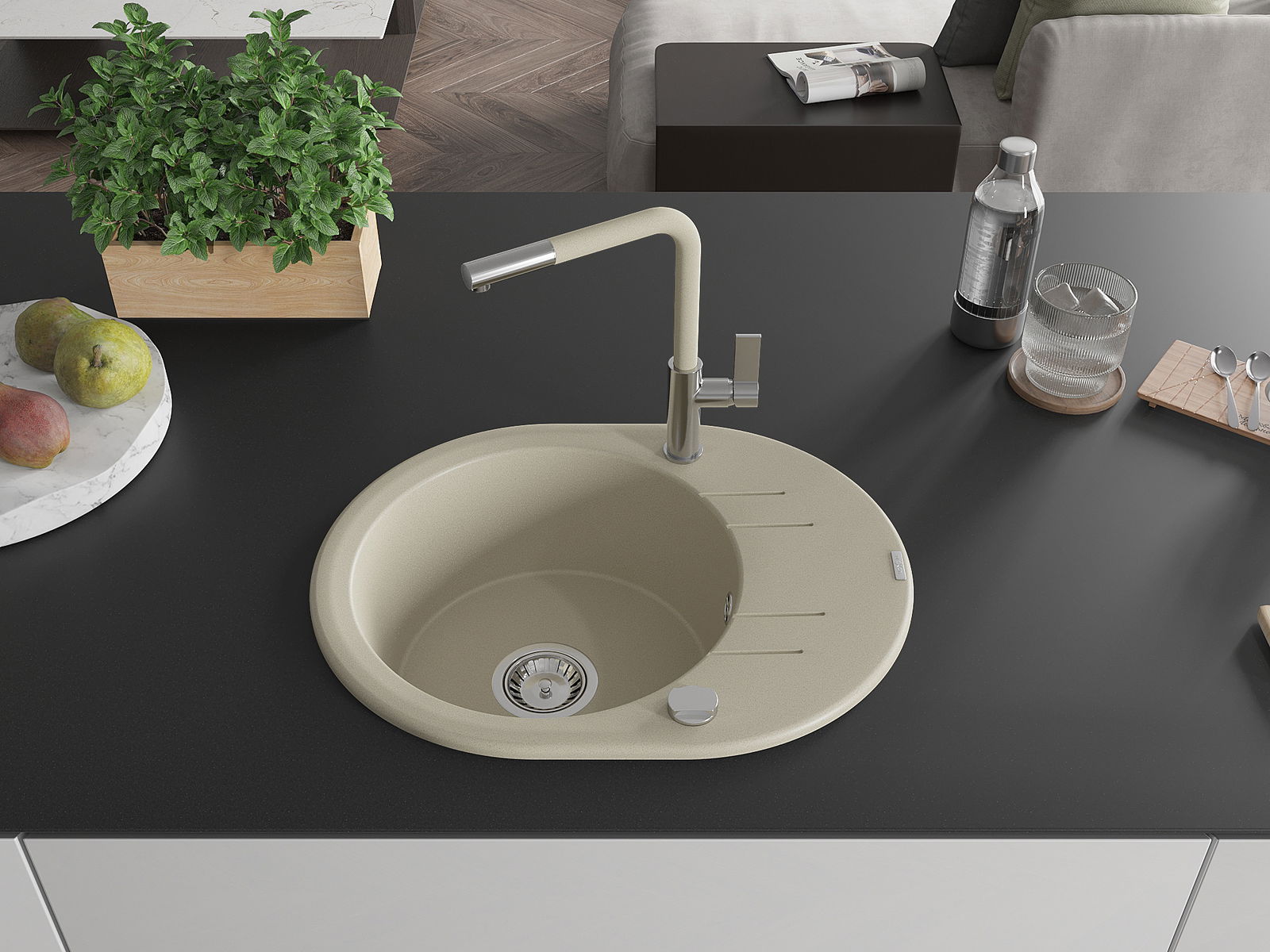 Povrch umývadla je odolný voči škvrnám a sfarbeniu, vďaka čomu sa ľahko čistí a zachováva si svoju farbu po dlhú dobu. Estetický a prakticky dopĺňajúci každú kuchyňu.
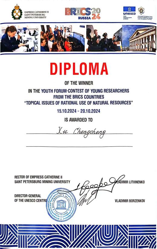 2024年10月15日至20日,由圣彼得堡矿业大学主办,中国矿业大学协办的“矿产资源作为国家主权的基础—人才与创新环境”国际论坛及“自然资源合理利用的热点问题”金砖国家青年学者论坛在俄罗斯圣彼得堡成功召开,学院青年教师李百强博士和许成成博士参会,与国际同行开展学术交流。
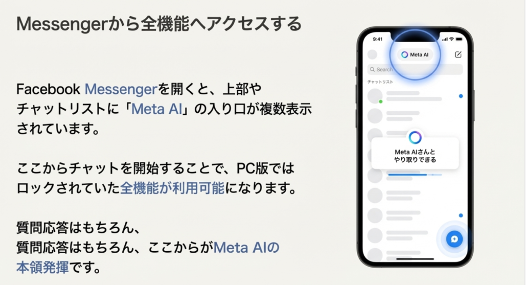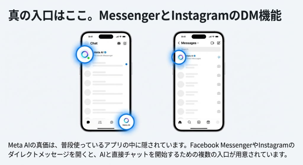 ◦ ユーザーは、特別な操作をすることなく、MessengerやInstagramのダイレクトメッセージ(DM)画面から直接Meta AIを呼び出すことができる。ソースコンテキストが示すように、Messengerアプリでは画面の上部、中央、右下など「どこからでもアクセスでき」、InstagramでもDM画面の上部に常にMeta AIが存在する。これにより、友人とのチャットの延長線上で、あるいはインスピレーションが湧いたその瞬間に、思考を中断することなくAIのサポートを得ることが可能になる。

---*---

▶ THE PROBLEM: Transcribe all the lines above exactly; any image among them is skipped.

▶ EXERCISE ANSWER:
 Povrch umývadla je odolný voči škvrnám a sfarbeniu, vďaka čomu sa ľahko čistí a zachováva si svoju farbu po dlhú dobu. Estetický a prakticky dopĺňajúci každú kuchyňu.
 2024年10月15日至20日,由圣彼得堡矿业大学主办,中国矿业大学协办的“矿产资源作为国家主权的基础—人才与创新环境”国际论坛及“自然资源合理利用的热点问题”金砖国家青年学者论坛在俄罗斯圣彼得堡成功召开,学院青年教师李百强博士和许成成博士参会,与国际同行开展学术交流。
 ◦ ユーザーは、特別な操作をすることなく、MessengerやInstagramのダイレクトメッセージ(DM)画面から直接Meta AIを呼び出すことができる。ソースコンテキストが示すように、Messengerアプリでは画面の上部、中央、右下など「どこからでもアクセスでき」、InstagramでもDM画面の上部に常にMeta AIが存在する。これにより、友人とのチャットの延長線上で、あるいはインスピレーションが湧いたその瞬間に、思考を中断することなくAIのサポートを得ることが可能になる。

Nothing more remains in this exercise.